Beginning with the line that contains "添加自定义知识库:如果当前知", write out each remaining line of the records below exactly. Do not copy any picture.

RECORDS PROVIDED:
- - -

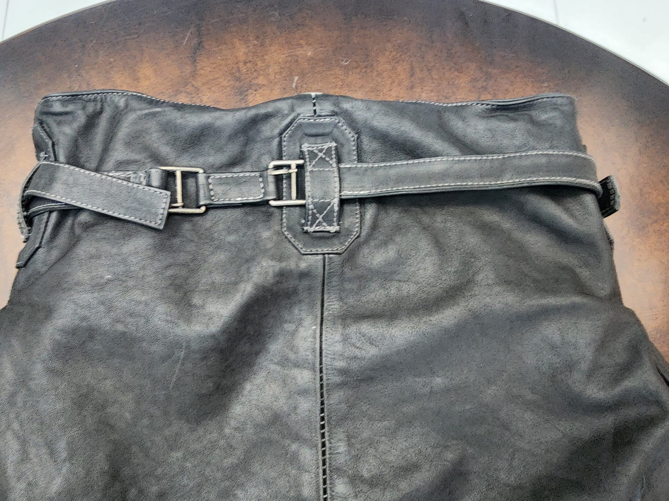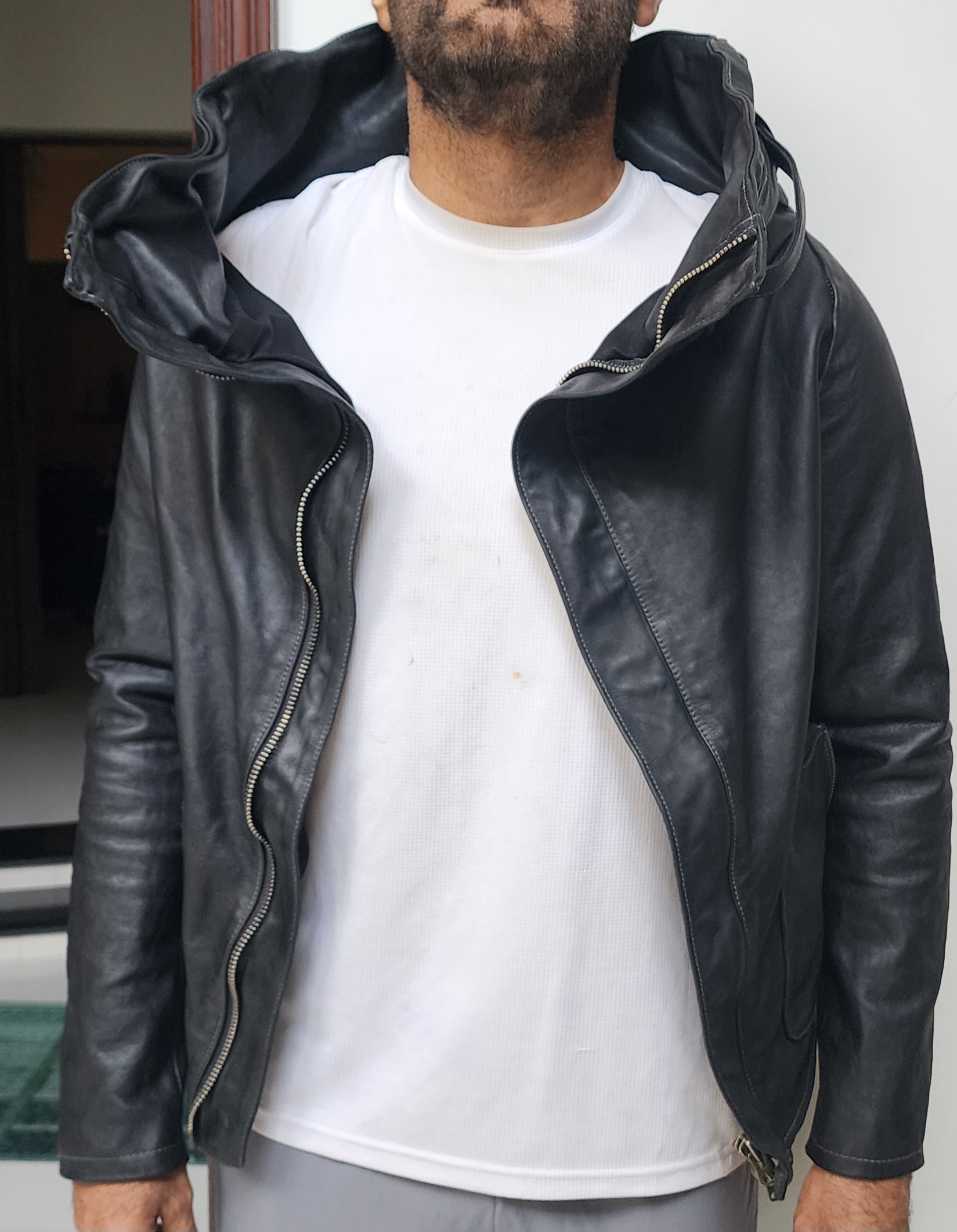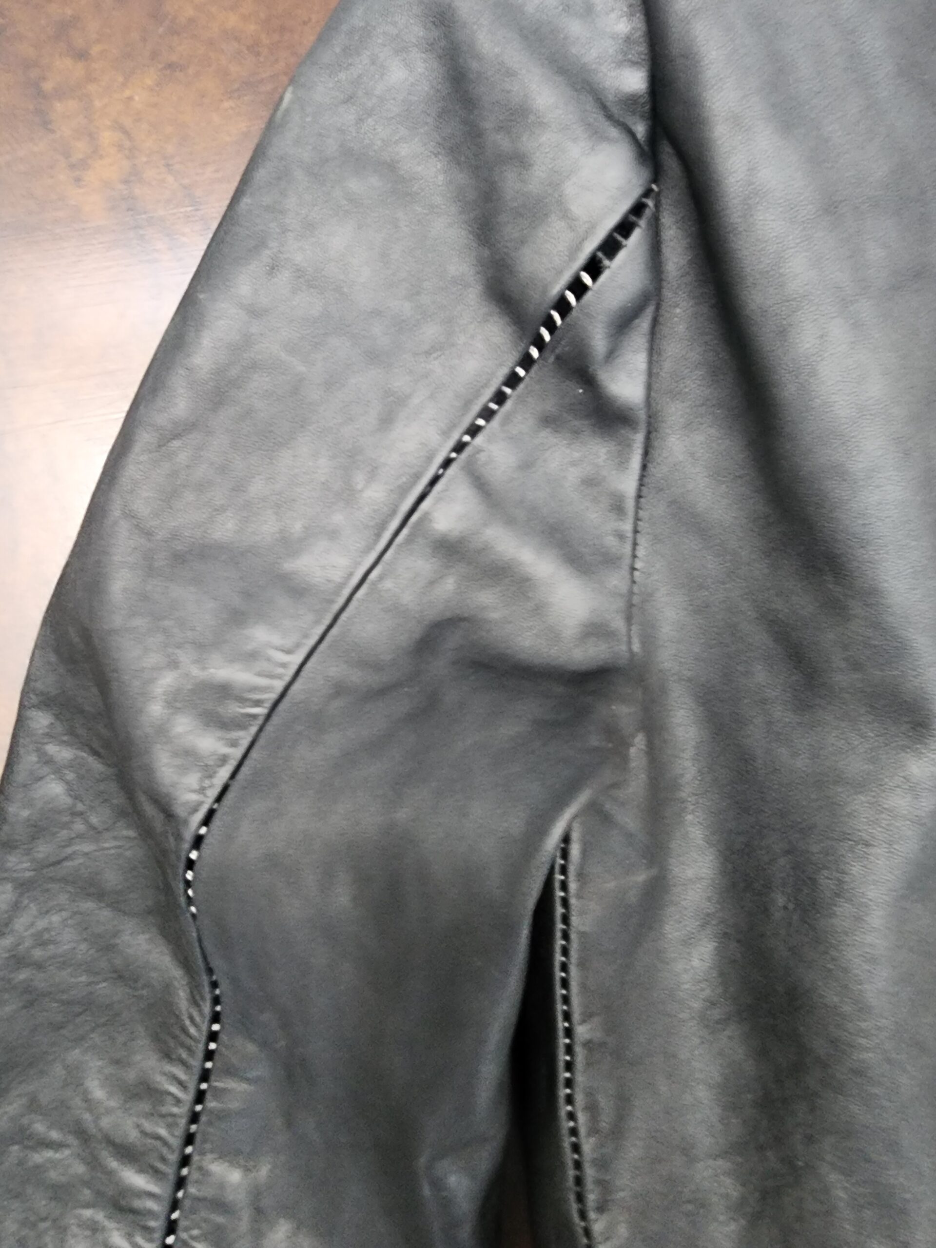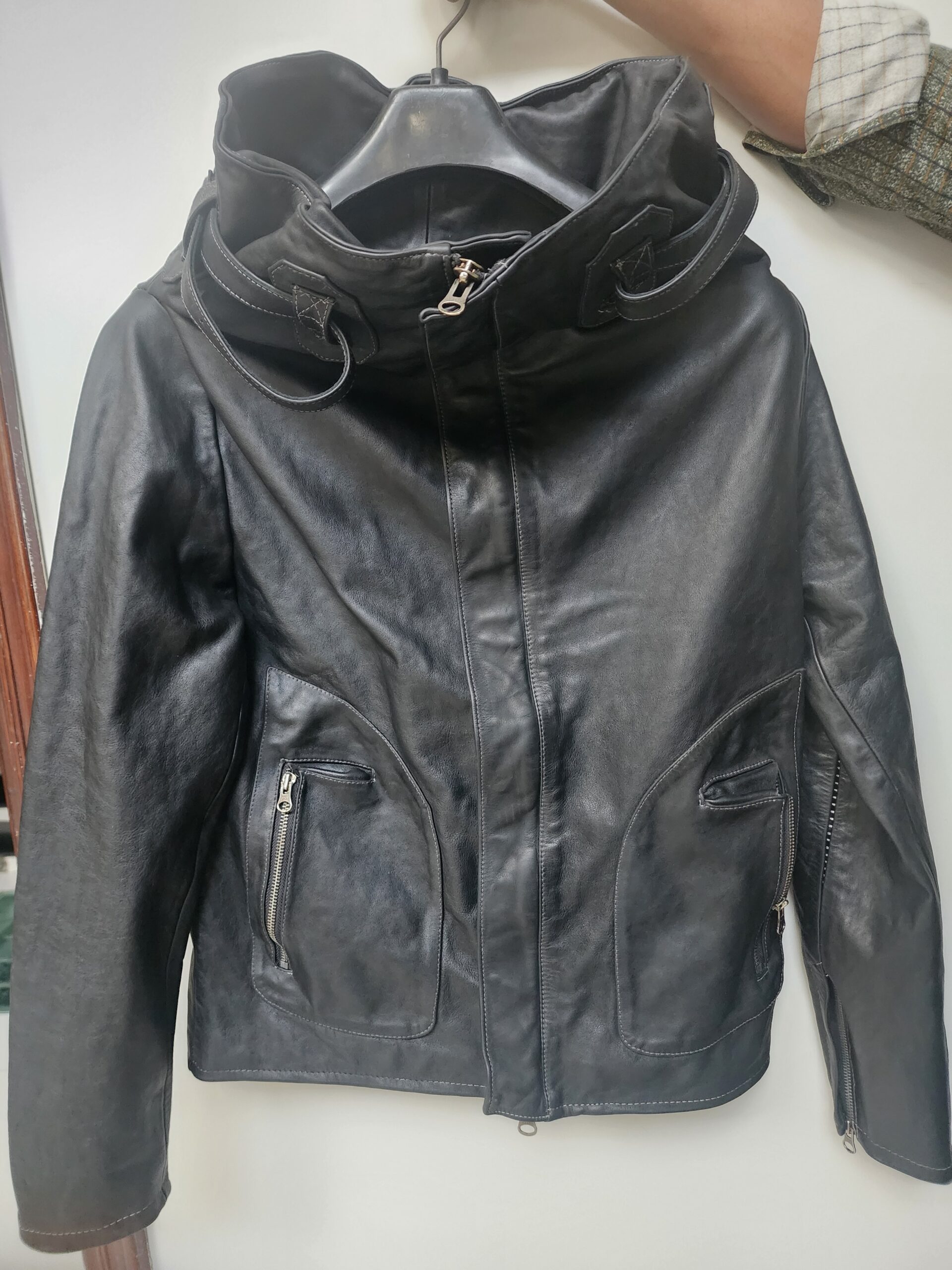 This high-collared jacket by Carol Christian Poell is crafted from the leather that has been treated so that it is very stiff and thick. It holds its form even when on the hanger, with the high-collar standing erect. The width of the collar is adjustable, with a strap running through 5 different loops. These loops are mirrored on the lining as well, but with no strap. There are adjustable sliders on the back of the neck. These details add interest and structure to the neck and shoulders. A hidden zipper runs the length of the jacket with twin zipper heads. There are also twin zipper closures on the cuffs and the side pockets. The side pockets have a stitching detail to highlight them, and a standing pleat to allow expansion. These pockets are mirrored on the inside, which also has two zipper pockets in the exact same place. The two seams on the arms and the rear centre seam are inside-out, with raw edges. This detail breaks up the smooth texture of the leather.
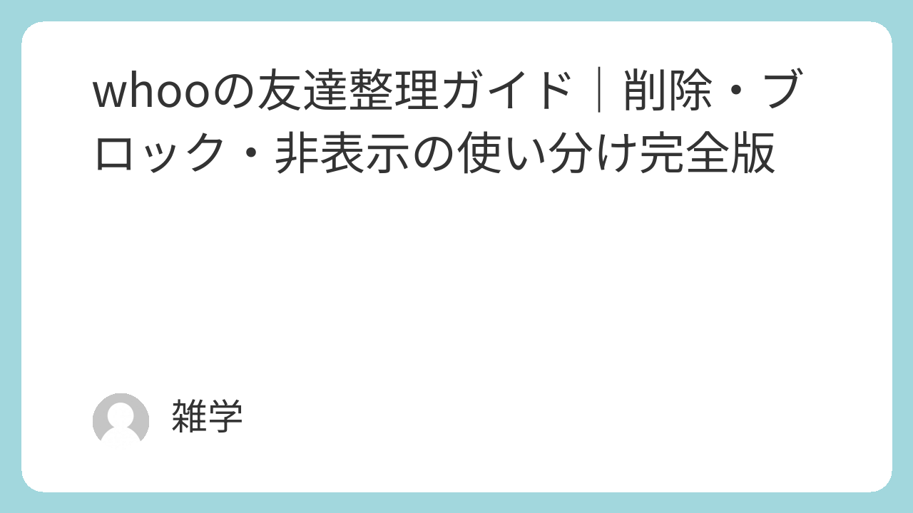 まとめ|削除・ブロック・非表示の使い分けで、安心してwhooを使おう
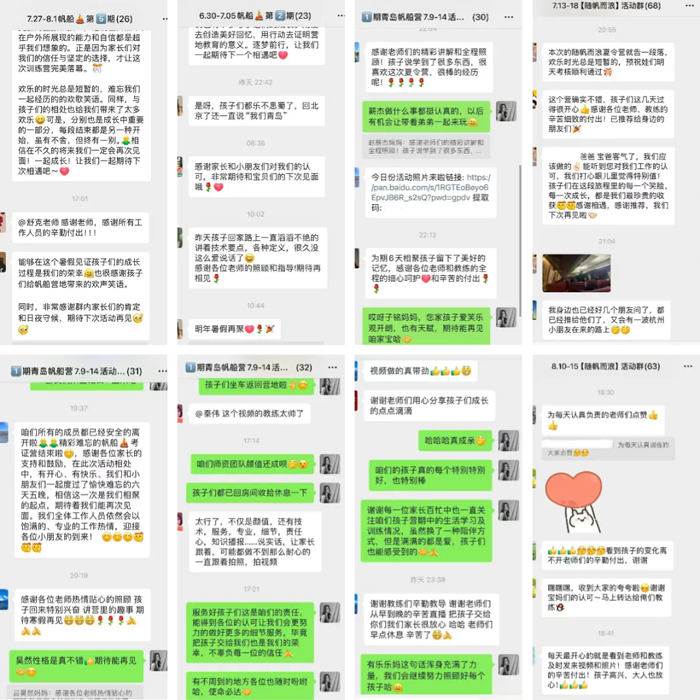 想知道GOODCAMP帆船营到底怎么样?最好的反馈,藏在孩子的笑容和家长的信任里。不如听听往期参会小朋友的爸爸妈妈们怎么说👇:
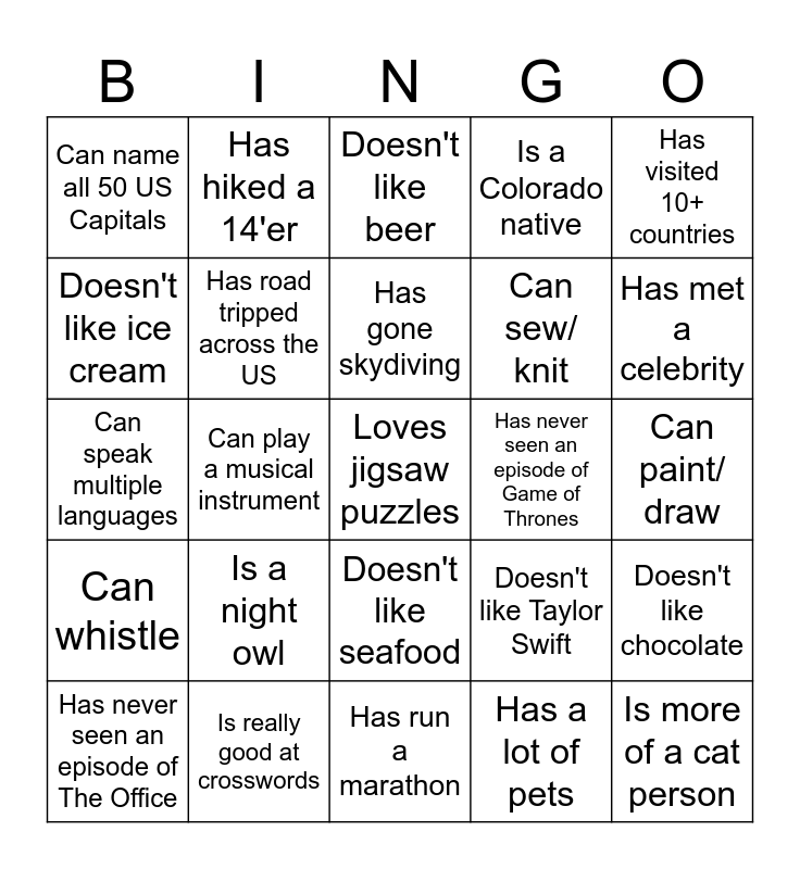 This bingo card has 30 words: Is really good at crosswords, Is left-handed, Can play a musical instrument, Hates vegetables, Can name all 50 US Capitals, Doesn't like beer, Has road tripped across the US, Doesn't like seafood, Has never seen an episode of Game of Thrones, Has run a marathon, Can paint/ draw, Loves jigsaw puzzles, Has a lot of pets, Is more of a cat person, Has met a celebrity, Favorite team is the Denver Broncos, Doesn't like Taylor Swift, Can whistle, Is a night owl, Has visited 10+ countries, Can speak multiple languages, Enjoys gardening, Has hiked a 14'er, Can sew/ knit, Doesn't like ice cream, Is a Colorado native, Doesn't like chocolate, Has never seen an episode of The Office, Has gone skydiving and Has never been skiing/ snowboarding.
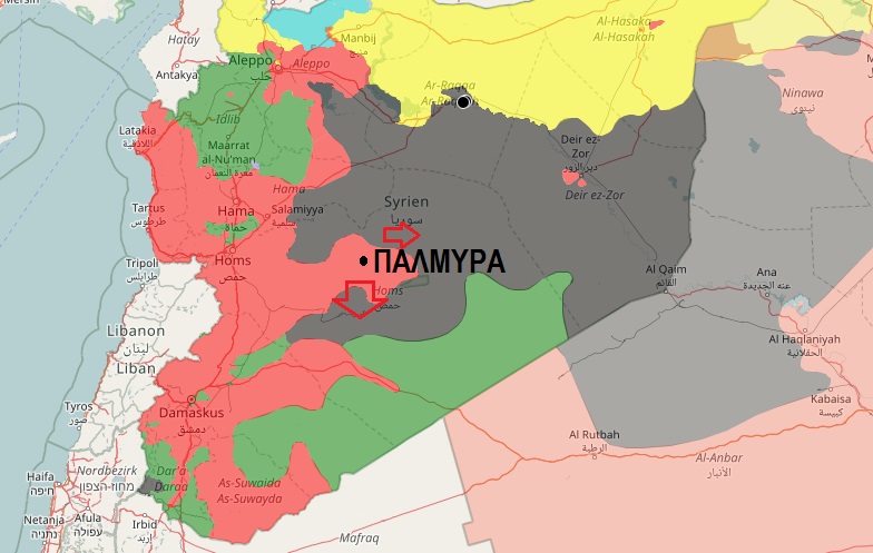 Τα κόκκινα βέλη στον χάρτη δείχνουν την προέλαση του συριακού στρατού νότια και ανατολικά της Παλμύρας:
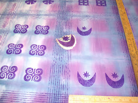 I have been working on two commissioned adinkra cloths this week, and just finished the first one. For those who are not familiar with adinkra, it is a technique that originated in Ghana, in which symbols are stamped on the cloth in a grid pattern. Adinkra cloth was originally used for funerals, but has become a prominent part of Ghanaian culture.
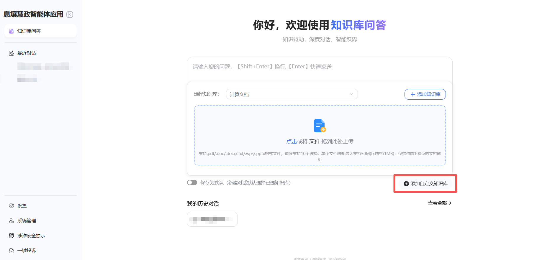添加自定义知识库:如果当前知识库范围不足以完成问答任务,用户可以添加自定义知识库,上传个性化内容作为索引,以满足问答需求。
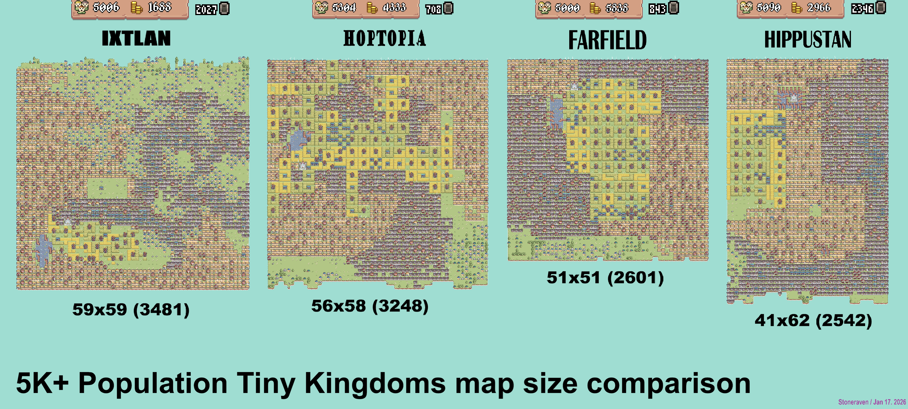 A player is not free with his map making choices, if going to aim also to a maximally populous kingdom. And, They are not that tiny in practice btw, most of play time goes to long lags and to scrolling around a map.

- - -

OUTPUT FOR THIS EXERCISE:
添加自定义知识库:如果当前知识库范围不足以完成问答任务,用户可以添加自定义知识库,上传个性化内容作为索引,以满足问答需求。
 A player is not free with his map making choices, if going to aim also to a maximally populous kingdom. And, They are not that tiny in practice btw, most of play time goes to long lags and to scrolling around a map.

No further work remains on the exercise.